Appellant was plaintiff in a replevin case at circuit, where a verdict was directed against him on November 2, 1909, with costs to be taxed. Said costs were afterwards taxed at the sum of $25.
Appellant caused a bill of exceptions to be settled and filed within the 20 days allowed by the statute. On November 26, 1909, he caused a writ of error to issue out of this court which has been returned, and the case is ,now pending here. He did not file the statutory bond to stay proceedings pending appeal, and defendant has caused execution to issue against him for the taxed costs. Appellant, by one of his attorneys, now applies to this court for leave to file the statutory bond nunc pro tunc to stay proceedings, averring in his petition that, when the appeal was perfected, it was his intention to pay the taxed costs, but that the petitioner had learned, about December 1st, that the defendant was financially irresponsible, so that if a reversal should follow in this court, he would be unable to recover back the money so paid. After return is made to the writ of error, this court is the only one possessing jurisdiction to entertain such an application. Worden v. Manistee Circuit Judge, 33 Mich. 111.

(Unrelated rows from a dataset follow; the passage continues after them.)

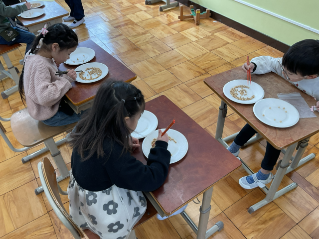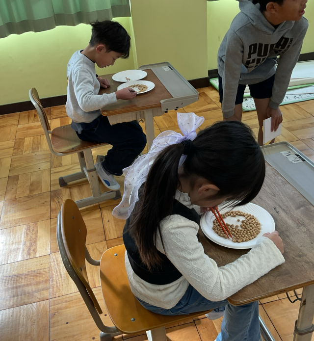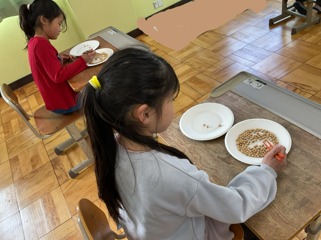お箸の持ち方に気を付けて、慎重にお豆をお皿に移すことができました。
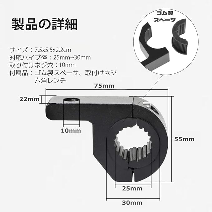 【サイズ】本体:75mm 50mm 23mm、穴サイズ:10mm、適応パイプ:約22mm-30mm対応可能
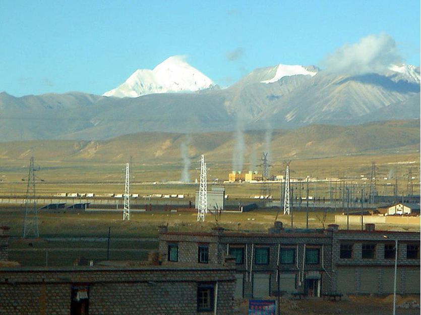羊八井,即羊八井鎮(zhèn),位于西藏拉薩市西北91.8公里的當(dāng)雄縣境內(nèi)。熱田地勢平坦,海拔4300米,南北兩側(cè)的山峰均在海拔5500~6000米以上,山峰發(fā)育著現(xiàn)代冰川,藏布曲河流經(jīng)熱田,河水溫度年平均為5℃,當(dāng)?shù)啬昶骄鶜鉁?.5℃,大氣壓力年平均為0.06兆。附近一帶經(jīng)濟(jì)以牧業(yè)為主,兼有少量農(nóng)業(yè)。青藏、中尼兩條公路干線分別從熱田的東部和北部通過,交通尚為方便。
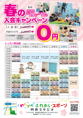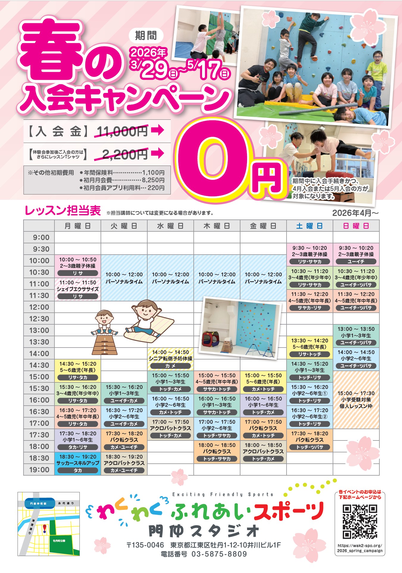 | 特典 | 入会金¥11,000→¥0 体験会参加後ご入会の方はさらに レッスンTシャツ代¥2,200→¥0 |
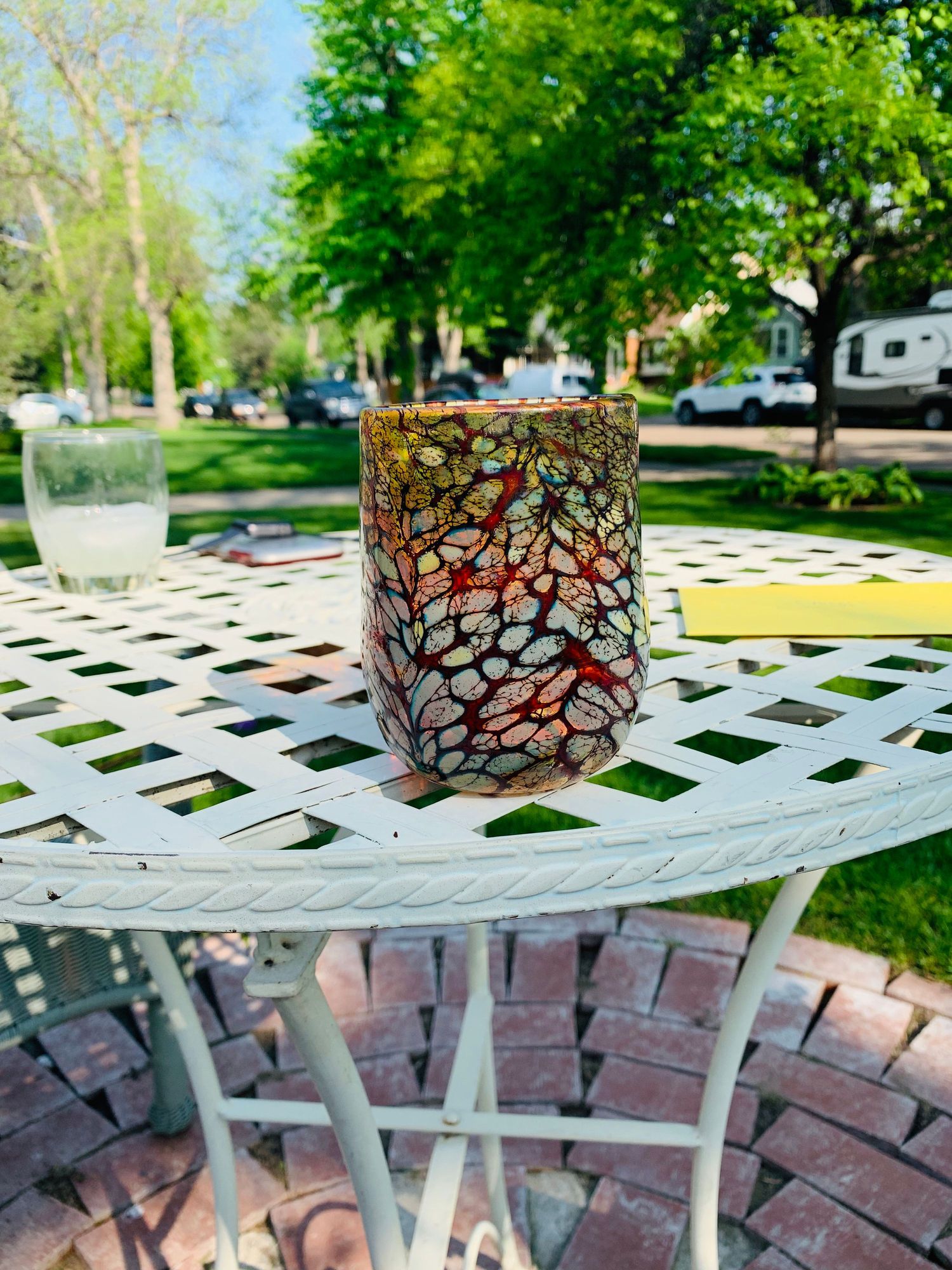 Glass made by a friend. Graduation card on the table for across the street neighbor.
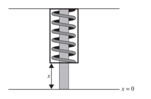 The displacement, `x`, of the spring is measured, in centimetres, from the equilibrium position of `x=0`. The value of can be modelled by the following second order differential equation, where t is the time, measured in seconds, after the initial displacement.
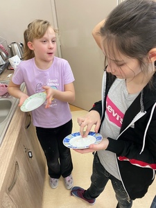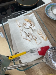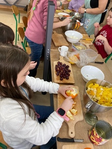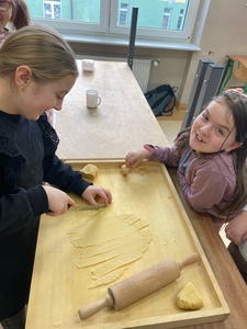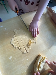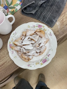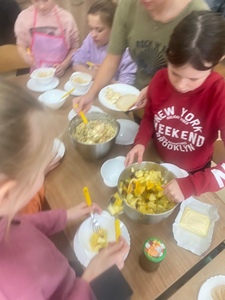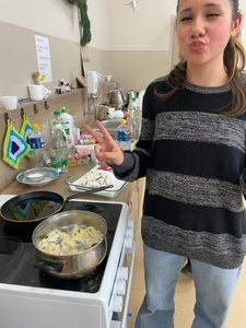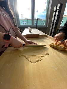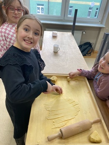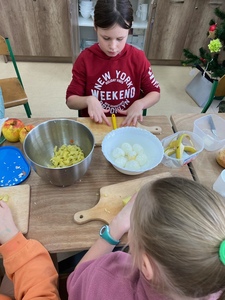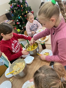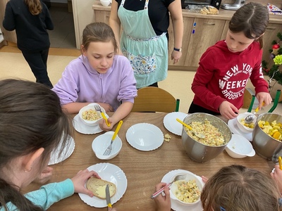 Za nami już trzy spotkania na zajęciach kulinarnych w nowym roku 2024. Na pierwszym spotkaniu robiliśmy naleśniki z różnym nadzieniem. Były np. z marmoladą, czekoladą, bitą śmietaną, a nawet tzw. krokiety. Na kolejnych zajęciach wykonaliśmy sałatkę owocową i sałatkę jarzynową. W ostatni piątek na zajęciach podjęliśmy próbę wykonania faworków. Udały się, co można zobaczyć w relacji foto. Pracy sporo, sprzątania jeszcze więcej, ale degustacja wyżej wymienionych dań wynagradza wszystkie trudy.
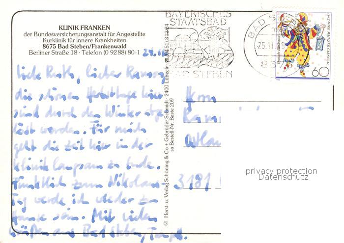 73170543 alte Postkarte Bad Steben Klinik Franken Terrasse Restaurant postalisch gelaufen Erhaltung siehe scans [FriedD77] KatCode: 11110009475112
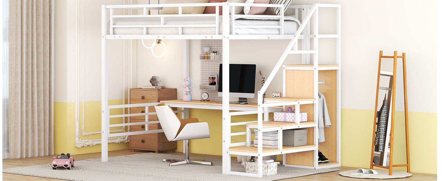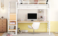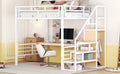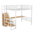 Full Size Metal Loft Bed With Desk, Storage Staircase And Small Wardrobe, Storage Stairs Can Be Installed Left And Right, White Box Spring Not Required Full White Metal Bedroom Bed Frame Metal
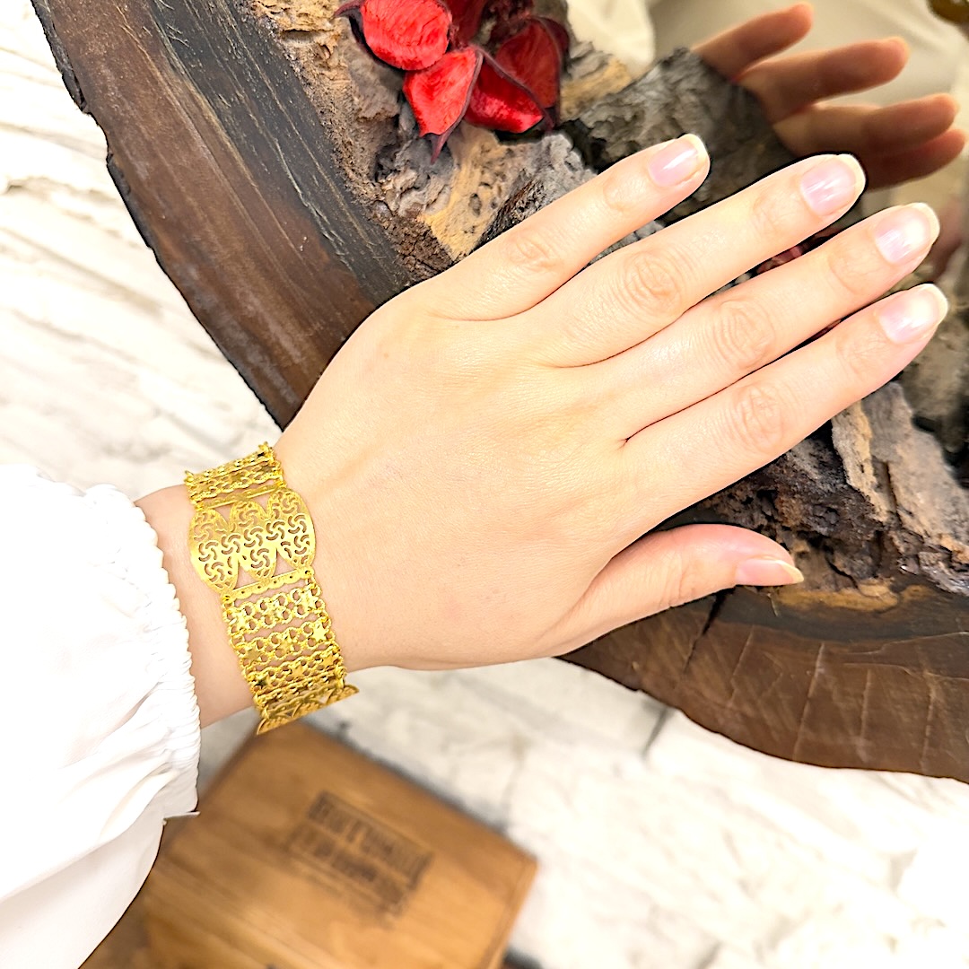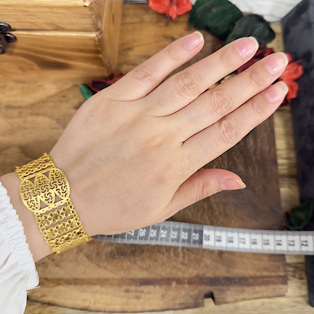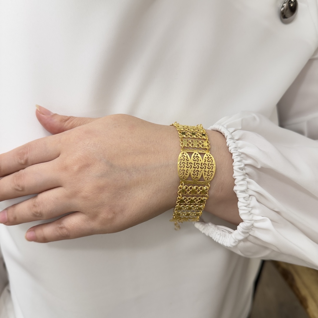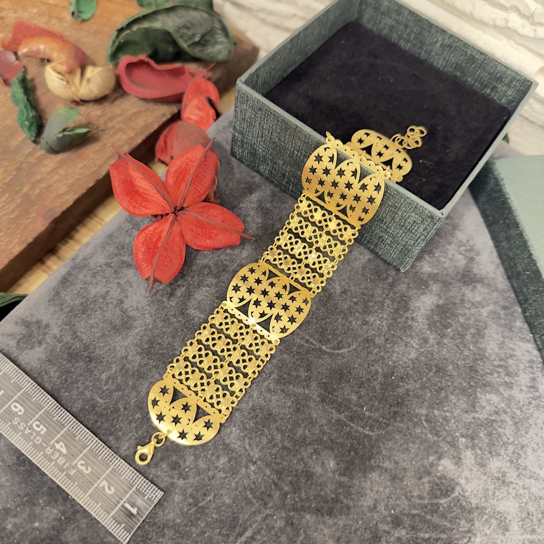 Artuklu Telkari, tarihi gümüş işleme sanatını, günümüz modern takı işlemeciliğiyle birleştirerek, tamamen müşterisine özel tasarımlar üretmektedir. Artuklu Telkari de, güvenli ve kolay alışveriş imkanı ile gümüş işleme ve altın kaplama gümüş çeşitleri bulunmaktadır. İncelediğiniz, Yıldızlı Altın Modeli Gümüş Bayan Bilekliği tamamen el işçiliği ile size özel üretilecektir.
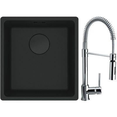 Franke Maris MRG 110-37 zlewozmywak 40x37 cm Fragranit + czarny mat z baterią kuchenną Coxy chrom (1250697760, 1150159732)
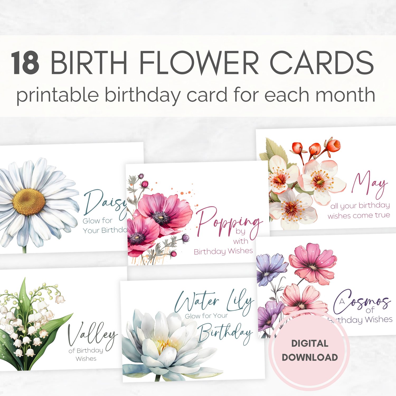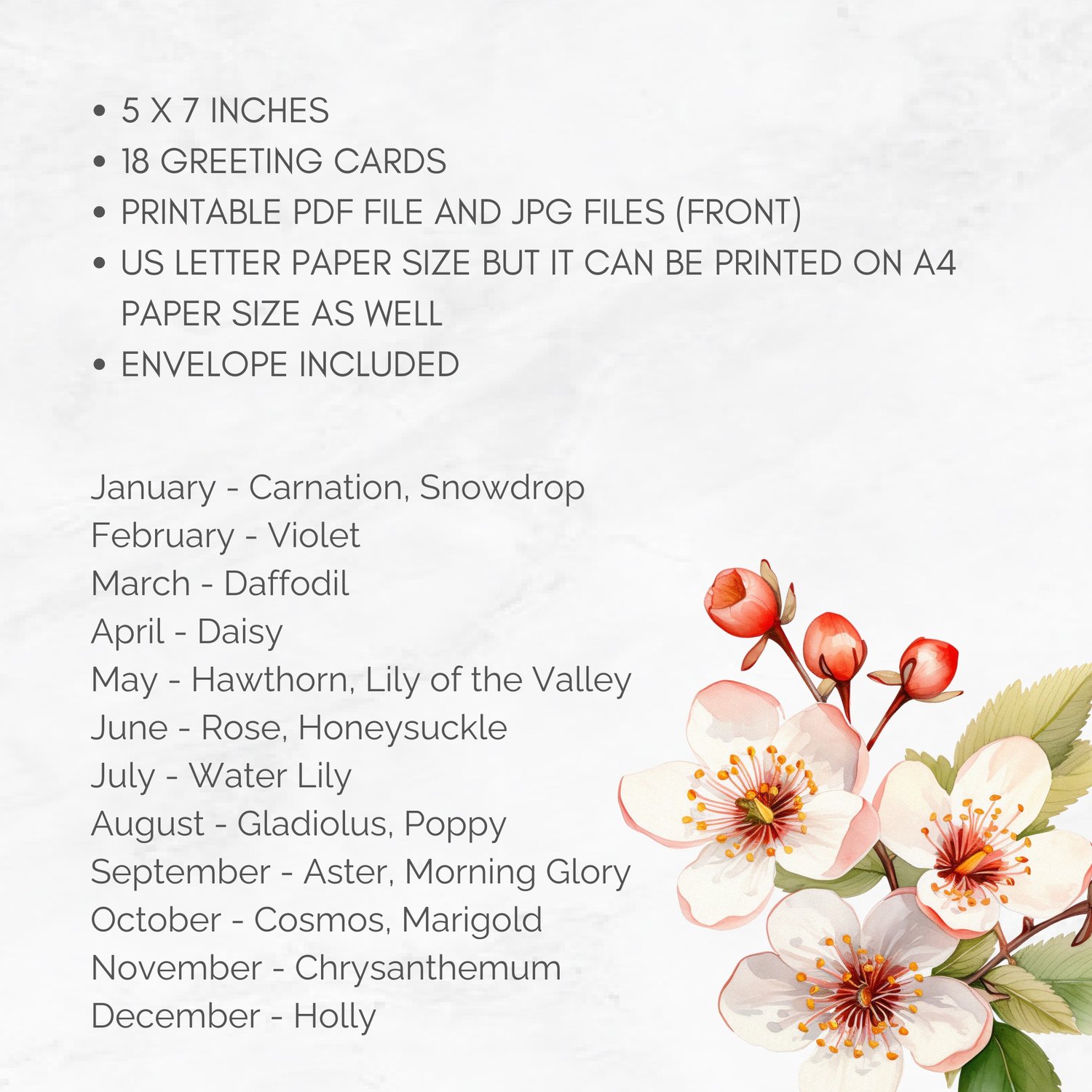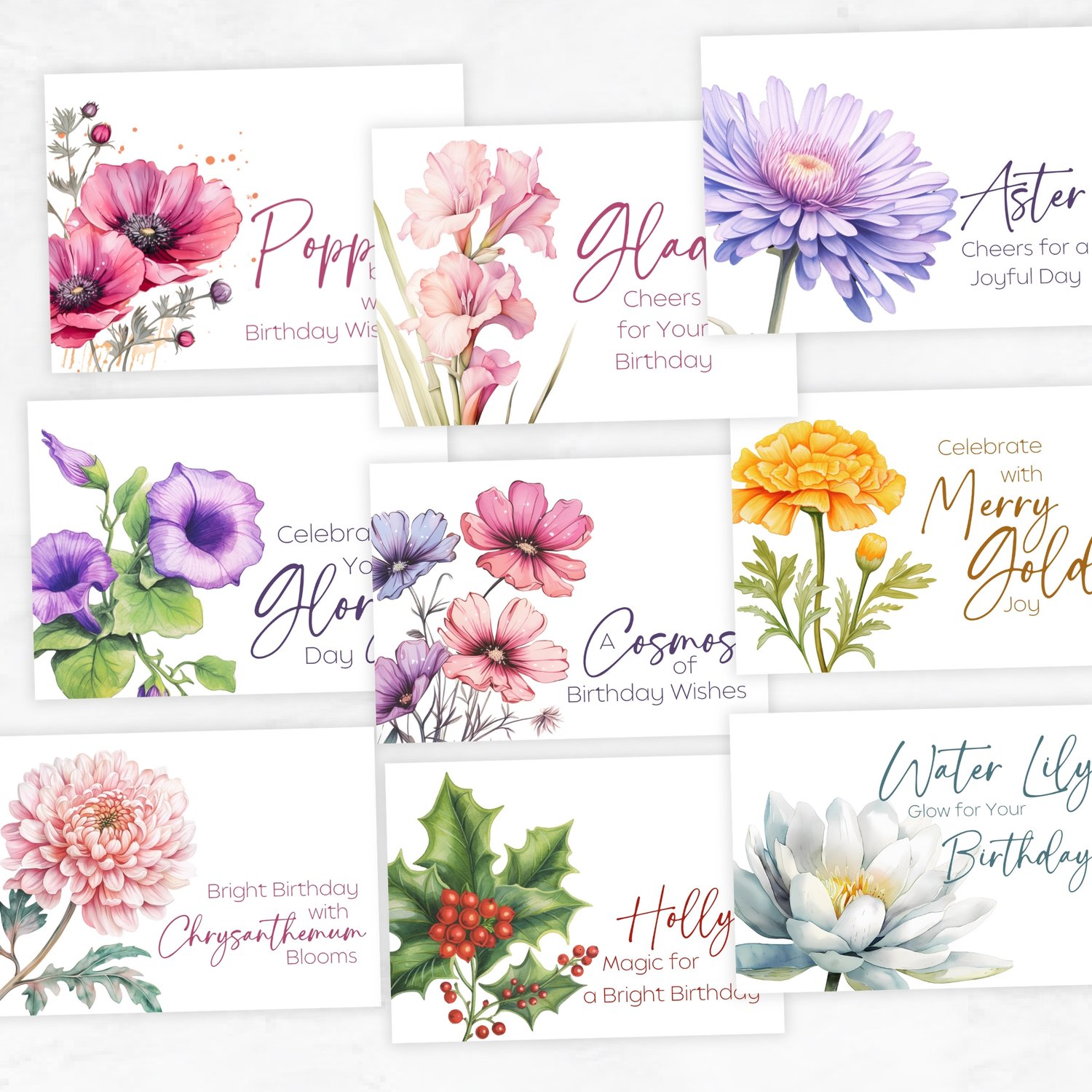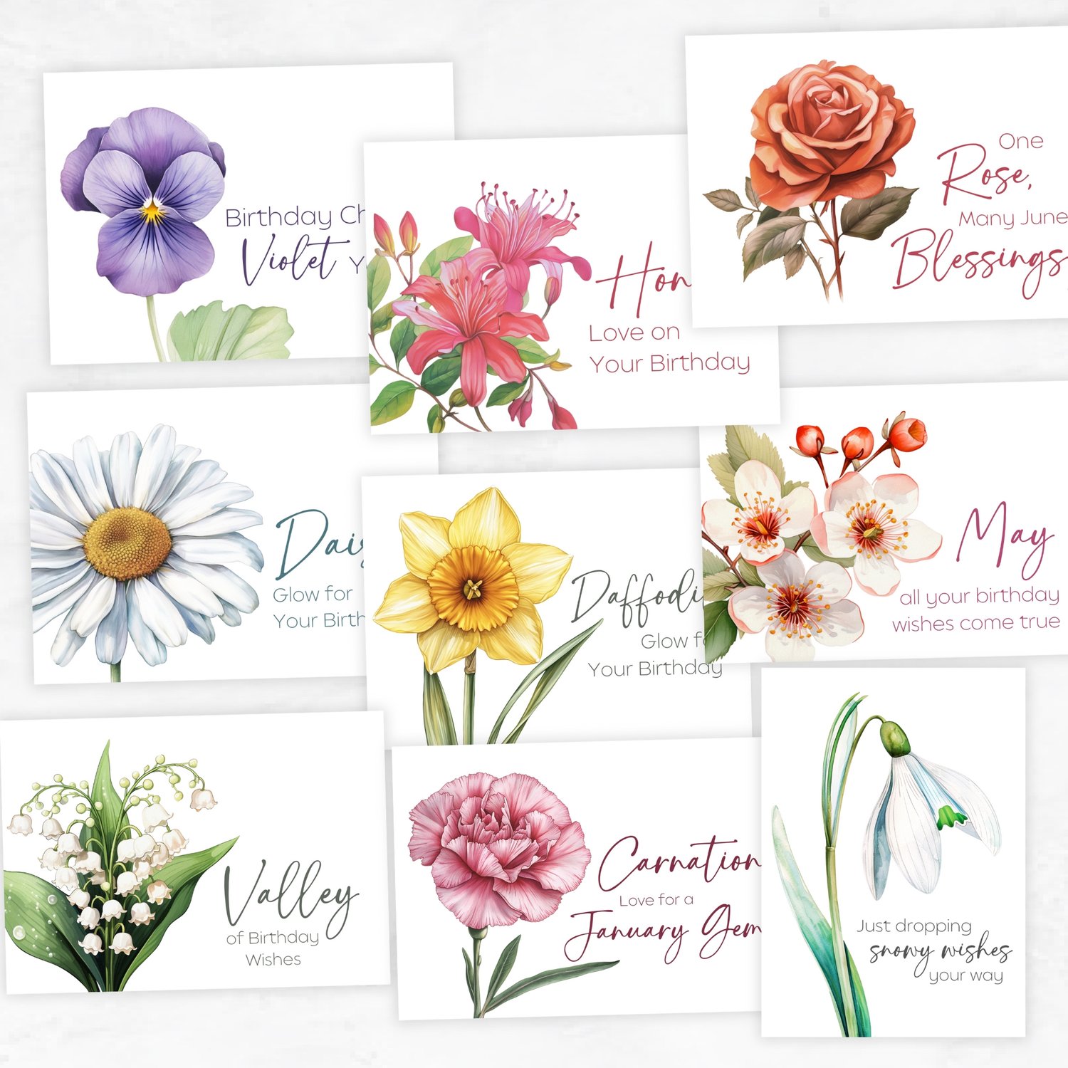 Birth Month Flower Birthday Cards Set - Floral Birthday Card for Each Month

Appellate courts have power as incident to their appellate character, on application, to amend the original bond or require a new one. Pulte v. Wayne Circuit Judge, 47 Mich. 646; Bock v. Grocery Co., 100 Minn. 71 (110 N. W. 257, 9 L. R. A. [N. S.] 1054); American Brewing Co. v. Talbot, 135 Mo. 170 (36 S. W. 657). That power is broad enough to cover a case like the present, where it is sought to file an original instead of an amended, or new bond.
Defendant objects to the allowance of the order upon *636the ground, among others, that the petition is made by the attorney for appellant, instead of by appellant himself. .We notice that defendant has filed no affidavit denying the averments of the petition; they may therefore be presumed to be true.
The order will be made as prayed, but with costs of motion to appellees.
Montgomery, C. J., and Ostrander, Blair, and Stone, JJ., concurred.